• [YOUR TASK] Pictures do not belong in the copy. Write out exactly the lines from the one containing "BOXER POLO COMBO" through the end of the data.

PROVIDED MATERIAL Start Marker

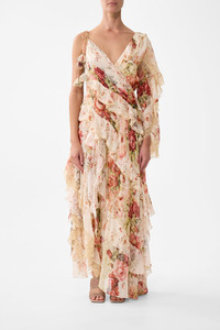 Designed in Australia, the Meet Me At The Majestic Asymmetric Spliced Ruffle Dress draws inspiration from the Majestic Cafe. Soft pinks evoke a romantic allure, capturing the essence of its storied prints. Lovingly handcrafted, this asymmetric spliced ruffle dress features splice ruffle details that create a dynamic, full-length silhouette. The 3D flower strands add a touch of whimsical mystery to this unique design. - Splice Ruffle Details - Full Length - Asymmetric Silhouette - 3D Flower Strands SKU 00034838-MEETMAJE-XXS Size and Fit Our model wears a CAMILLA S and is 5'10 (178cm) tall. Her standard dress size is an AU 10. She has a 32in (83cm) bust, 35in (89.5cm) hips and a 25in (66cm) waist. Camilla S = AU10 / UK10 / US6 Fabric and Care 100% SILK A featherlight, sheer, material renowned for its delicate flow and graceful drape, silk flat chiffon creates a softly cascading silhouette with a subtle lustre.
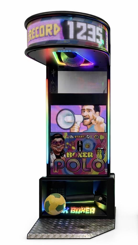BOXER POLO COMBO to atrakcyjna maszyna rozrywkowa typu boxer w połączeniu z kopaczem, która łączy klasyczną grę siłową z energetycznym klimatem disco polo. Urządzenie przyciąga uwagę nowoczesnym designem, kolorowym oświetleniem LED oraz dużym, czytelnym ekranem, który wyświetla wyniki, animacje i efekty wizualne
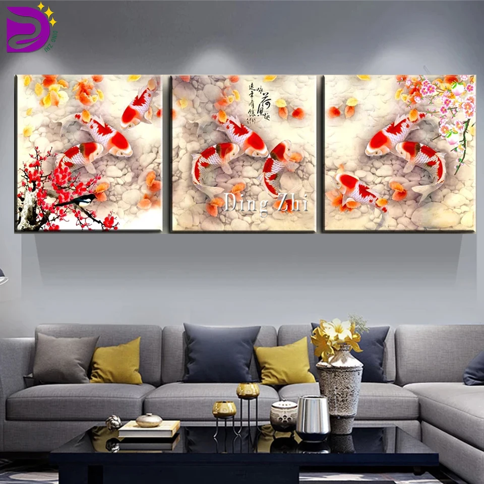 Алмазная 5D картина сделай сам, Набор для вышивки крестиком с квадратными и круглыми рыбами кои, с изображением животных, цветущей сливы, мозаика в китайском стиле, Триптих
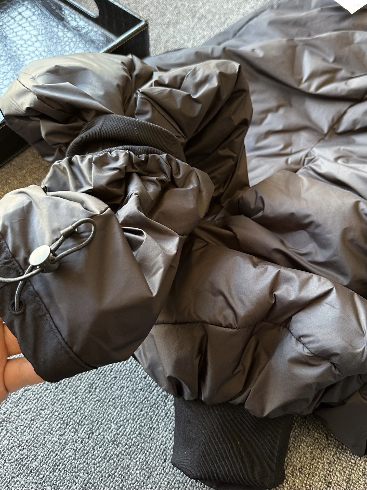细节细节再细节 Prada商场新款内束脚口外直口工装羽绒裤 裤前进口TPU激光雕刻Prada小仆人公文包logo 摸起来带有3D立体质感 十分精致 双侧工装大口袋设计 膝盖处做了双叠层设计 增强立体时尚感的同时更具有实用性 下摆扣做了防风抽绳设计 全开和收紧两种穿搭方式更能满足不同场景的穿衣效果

PROVIDED MATERIAL End Marker

• [ANSWER SPACE]
BOXER POLO COMBO to atrakcyjna maszyna rozrywkowa typu boxer w połączeniu z kopaczem, która łączy klasyczną grę siłową z energetycznym klimatem disco polo. Urządzenie przyciąga uwagę nowoczesnym designem, kolorowym oświetleniem LED oraz dużym, czytelnym ekranem, który wyświetla wyniki, animacje i efekty wizualne
 Алмазная 5D картина сделай сам, Набор для вышивки крестиком с квадратными и круглыми рыбами кои, с изображением животных, цветущей сливы, мозаика в китайском стиле, Триптих
细节细节再细节 Prada商场新款内束脚口外直口工装羽绒裤 裤前进口TPU激光雕刻Prada小仆人公文包logo 摸起来带有3D立体质感 十分精致 双侧工装大口袋设计 膝盖处做了双叠层设计 增强立体时尚感的同时更具有实用性 下摆扣做了防风抽绳设计 全开和收紧两种穿搭方式更能满足不同场景的穿衣效果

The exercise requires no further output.